And One for All

Adam Sutcliffe’s book is not about the things Jews are for, as opposed to what they are against. Instead, it focuses on what he calls, in one of his few slips into inelegance, “the Jewish purpose question.” Sutcliffe is an intellectual historian, not a theologian or a philosopher, so he doesn’t try to answer the question of what purpose Jews serve in the world, but he has a lot to say about the attempts to do so that Jews and non-Jews have been making for ages.

For traditional Jews, the question of “what they were for” was, to be sure, far less important than the question of what their duties were, but they did ask it, and when they did, it took a theological form: Why did God single out the Jews and make his covenant with them?
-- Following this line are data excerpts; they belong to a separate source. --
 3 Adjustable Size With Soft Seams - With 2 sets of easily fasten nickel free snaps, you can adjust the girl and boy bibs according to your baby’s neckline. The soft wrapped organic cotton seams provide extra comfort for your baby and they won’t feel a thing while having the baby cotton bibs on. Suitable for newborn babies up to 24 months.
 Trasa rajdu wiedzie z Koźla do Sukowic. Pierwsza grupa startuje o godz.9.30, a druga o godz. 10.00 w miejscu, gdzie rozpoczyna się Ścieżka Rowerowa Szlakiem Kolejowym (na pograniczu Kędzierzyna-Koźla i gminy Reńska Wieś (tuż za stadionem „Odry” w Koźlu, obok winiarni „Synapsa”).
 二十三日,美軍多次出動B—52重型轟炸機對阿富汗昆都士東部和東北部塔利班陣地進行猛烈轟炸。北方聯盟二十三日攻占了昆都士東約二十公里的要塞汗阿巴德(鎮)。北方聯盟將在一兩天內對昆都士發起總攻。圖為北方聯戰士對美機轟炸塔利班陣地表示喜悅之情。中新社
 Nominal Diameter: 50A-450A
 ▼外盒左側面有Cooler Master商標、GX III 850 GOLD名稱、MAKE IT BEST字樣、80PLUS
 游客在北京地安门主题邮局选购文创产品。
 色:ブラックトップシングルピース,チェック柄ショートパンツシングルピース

The medieval poet and philosopher Yehuda Halevi, Sutcliffe writes, “ascribes to the Jews a vital role both in sustaining all humanity and in ultimately bringing it most profoundly close to God.” Halevi thought that Jews actually possessed an ineffable connection to God that made them different from, and responsible for, their fellow human beings. Not long afterward, the great jurist and rationalist philosopher Maimonides saw the “specialness of the Jews” as being connected with “their philosophically established dual mission: to know and to worship God.” For Maimonides, in short, it was not about Jews, who were no different from anybody else, but about Judaism and the truths it preserved.
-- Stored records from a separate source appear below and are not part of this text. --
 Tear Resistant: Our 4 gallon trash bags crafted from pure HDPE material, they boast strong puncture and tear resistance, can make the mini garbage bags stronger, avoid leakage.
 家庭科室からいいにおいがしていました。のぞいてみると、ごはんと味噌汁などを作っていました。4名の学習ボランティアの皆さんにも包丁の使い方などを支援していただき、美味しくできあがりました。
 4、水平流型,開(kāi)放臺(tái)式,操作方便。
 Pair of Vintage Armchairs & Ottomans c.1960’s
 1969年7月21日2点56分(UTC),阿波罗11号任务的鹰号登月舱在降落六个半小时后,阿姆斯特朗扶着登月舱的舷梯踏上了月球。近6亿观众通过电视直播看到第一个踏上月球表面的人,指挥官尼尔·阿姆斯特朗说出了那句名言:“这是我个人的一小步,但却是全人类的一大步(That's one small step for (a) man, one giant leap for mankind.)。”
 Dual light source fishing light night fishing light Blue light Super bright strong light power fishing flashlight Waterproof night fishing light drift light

Sutcliffe briefly outlines these and other classical Jewish explanations of the Jews’ role in the world, but he is not really interested in exploring them thoroughly. Nor beyond a brief exposition of Augustine’s doctrine of witness—the idea that continued Jewish existence and misery in exile testifies both to the authenticity of the “Old Testament” and to Jewish guilt for having rejected the new one—does he have much to say about classical Christian answers to the question. What he tells us about the thinkers of antiquity and the Middle Ages is little more than what we need to know to grasp how modern—religious as well as secular—thinkers have recycled, revised, or rejected their ideas.
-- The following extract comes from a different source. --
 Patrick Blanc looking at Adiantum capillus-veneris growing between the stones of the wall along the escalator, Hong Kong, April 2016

Twenty years ago, Sutcliffe published a superb volume on the Enlightenment and the Jews, and he has since then written widely and instructively on modern Jewish thought (and modern thought about Jews). In What Are Jews For? he draws on his previous research and expands it, but his book is not just a collection of case studies. Above all, it is an effort to encourage Jews to continue to think about their purpose in the world. For even if the question cannot be answered, he believes it leads to the sort of discussion that brings out the best in us, and through the very act of reflecting on it, we can, as it were, be “a light unto the nations.”


During the era of the Enlightenment and the early decades of the 19th century, leading French and German thinkers, including the few who held positive views of Jews, generally agreed on the obsolescence of Judaism and the pointlessness of Jewish survival. “At first a significant number of Jewish intellectuals shared this view,” but, Sutcliffe writes, “the idea of Jewish purpose was soon reasserted with new vitality and vigour.” The spokesmen for Reform Judaism in particular, but others as well, maintained that Jews were “the guardians of the spiritually purest form of religion and ethics,” who had the “mission” of disseminating “true ethical universalism through all humanity.” Thus, “the casting of Jews as teachers was the central nineteenth-century answer to the Jewish purpose question.”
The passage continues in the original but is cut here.